Social media giant Facebook has found itself between a rock and a hard place. The firm is facing a lawsuit in Austria that alleges Facebook allowed U.S. intelligence officials access to private data about EU citizens. Of course, Facebook did not want to do this, but the firm’s management obviously deemed the legal and political consequences of not cooperating with the NSA outweighed the potential liability of violating EU rules to allow the NSA to access to private data.
The lawsuit the social media firm currently faces will test the decision made by Facebook execs, as the company faces hefty fines if the court decides in favor of the plaintiffs.
More on Facebook privacy lawsuit in Austria
A type of class action data lawsuit is being brought against Facebook in Europe (for cooperating with the NSA’s PRISM surveillance program and other alleged data protection violations), and the case is having its court hearing Thursday in Vienna’s Regional Court.

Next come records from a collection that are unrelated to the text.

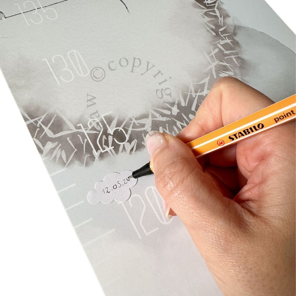 Passend zum Design gibt es einen Stickerbogen mit Wölkchen verschiedener Größen und Formen, die sich mit jedem Stift beschriften lassen. So kannst Du die Entwicklung ästhetisch und stilvoll festhalten.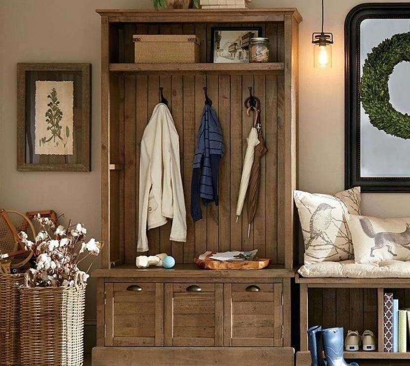 Стиль рустик в интерьере прихожей проявляется в сочетании разных поверхностей. Небольшое помещение оформляют в светлых пастельных оттенках. На полу – кафель под камень или доски ламината. Входная дверь обязательно с массивной фурнитурой под старину. На стену монтируют вешалку с корягами, ковкой или рогами оленя.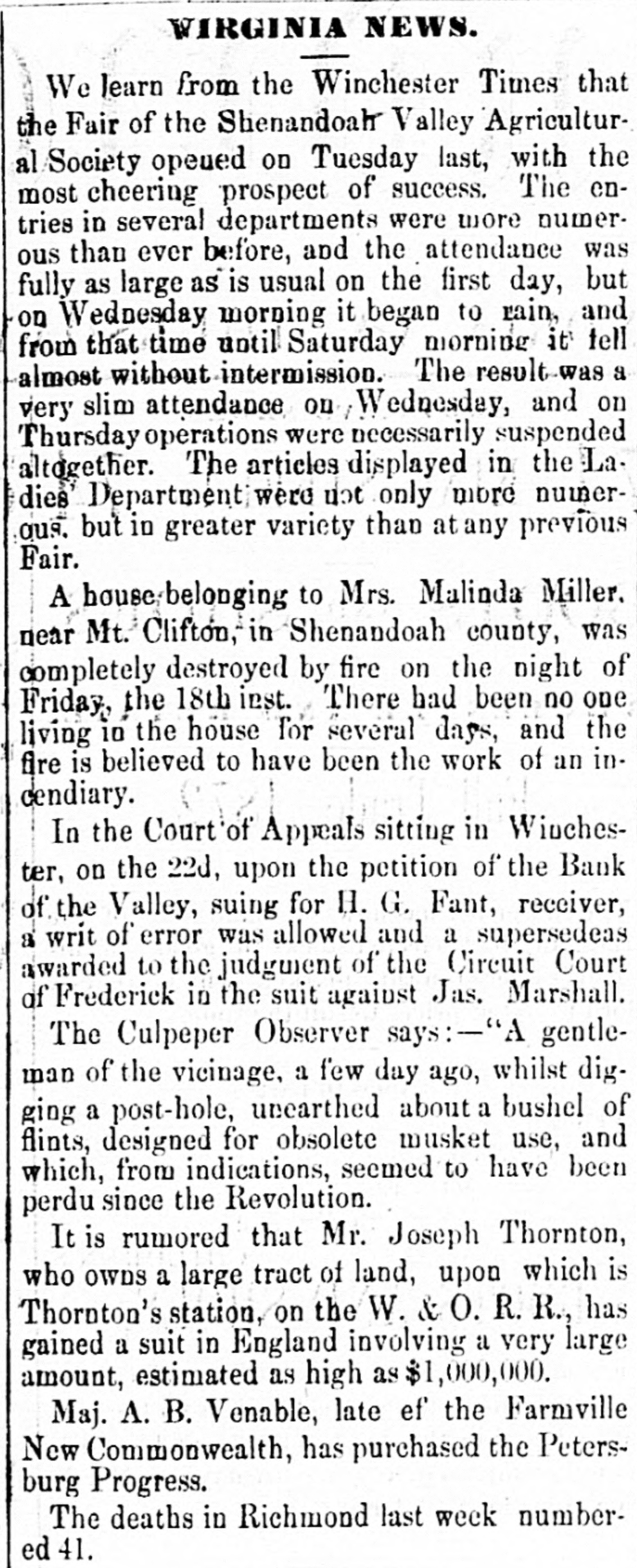 WIRGINIA NEWS. We learn from the Winchester Times that the Fair of the Shenandoah Valley Agricultural Society opeued on Tuesday last, with the most cheering prospect of success. The entries in several departments were more numerous than ever before, and the attendance was fully as large as is usual on the first day, but on Wednesday morning it began to rain, and from that time until Saturday morning it tell almost without intermission. The result was a very slim attendance on Wednesday, and on Thursday operations were necessarily suspended altogether. The articles displayed in the La. dies Department were not only more numerqus. but in greater variety than at any previous Fair. A house belonging to Mrs. Malinda Miller. near Mt. Clifton, in Shenandoah county, was completely destroyed by fire on the night of Friday, the 18th inst. There had been no one living in the house for several days, and the fire is believed to have been the work of an incendiary. In the Court of Appeals sitting in Winchester, on the 22d, upon the petition of the Bank of the Valley, suing for H. G. Fant, receiver, a writ of error was allowed and a supersedeas awarded to the judgment of the Circuit Court of Frederick in the suit against Jas. Marshall. The Culpeper Observer says:-"A gentleman of the vicinage, a few day ago, whilst digging a post-hole, unearthed about a bushel of flints, designed for obsolete musket use, and which, from indications, seemed to have been perdu since the Revolution. It is rumored that Mr. Joseph Thornton, who OWDS a large tract of land, upon which is Thornton's station, on the W. & O. R. R., has gained a suit in England involving a very large amount, estimated as high as $1,000,000. Maj. A. B. Venable, late ef the Farmville New Commonwealth, has purchased the Petersburg Progress. The deaths in Richmond last week numbered 41.

Vienna’s Commercial Court was the original venue for the lawsuit, but that court referred it to the regional court.
The suit moved forward by privacy campaigner and attorney Max Schrems, who has been fighting Facebook on data protection for a long time, forcing the social network to propose a global user vote on privacy policy changes Facebook wanted to make in 2012.
Europe vs Facebook is Shrems nonprofit organization. His latest legal initiative kicked off last August with an invitation for participants to join in the lawsuit. The initiative attracted 25,000 sign ups, with another 50,000 also registering to assign their claims if the suit can include greater numbers in the future.

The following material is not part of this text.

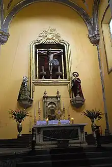 In the apse, in a simple niche, is the Christ of the Seven Veils, done in cornstalk paste in the 16th century, accompanied by images of the Virgin of the Sorrows and John the Baptist.[2] According to tradition, it was given to Carlos V from Pope Paul III. Carlos V then awarded it to the Brotherhood. It was also believed that those permitted to remove the veils and see the image underneath were rewarded with indulgences. Another important image here is the Virgin of the Remedies (Virgen de los Remedios), which is also known as La Gachupina. Gachupin is a derogatory term for Spaniard. She received the term as she was the patron of the Spanish in Mexico.[1] The Virgin originally had her own sanctuary but was brought here to ask for rain during a dry period, and never left.[2]

Of note, legal costs are being paid by Austrian law firm Roland ProzessFinanz AG, which will be awarded 20% of any winnings, should the plaintiffs win the case. Legal analysts note that the damages were intentionally made intentionally low at just €500 per user. Schrems is the primary plaintiff, but has specified he will waive his damages should the action prevail.
Allegations against Facebook
Shrems and the other plaintiffs in the lawsuit allege that Facebook violated EU law by:
- Having a data use policy that is invalid under EU law
- The absence of effective consent to many types of data use
- Support of the NSA’s ‘PRISM’ surveillance program
- Tracking of Internet users on external websites (through Like buttons, for example)
- Monitoring and analysis of users through ‘big data’ systems
- Unlawful introduction of ‘Graph Search’
- Unauthorized passing on of user data to external applications.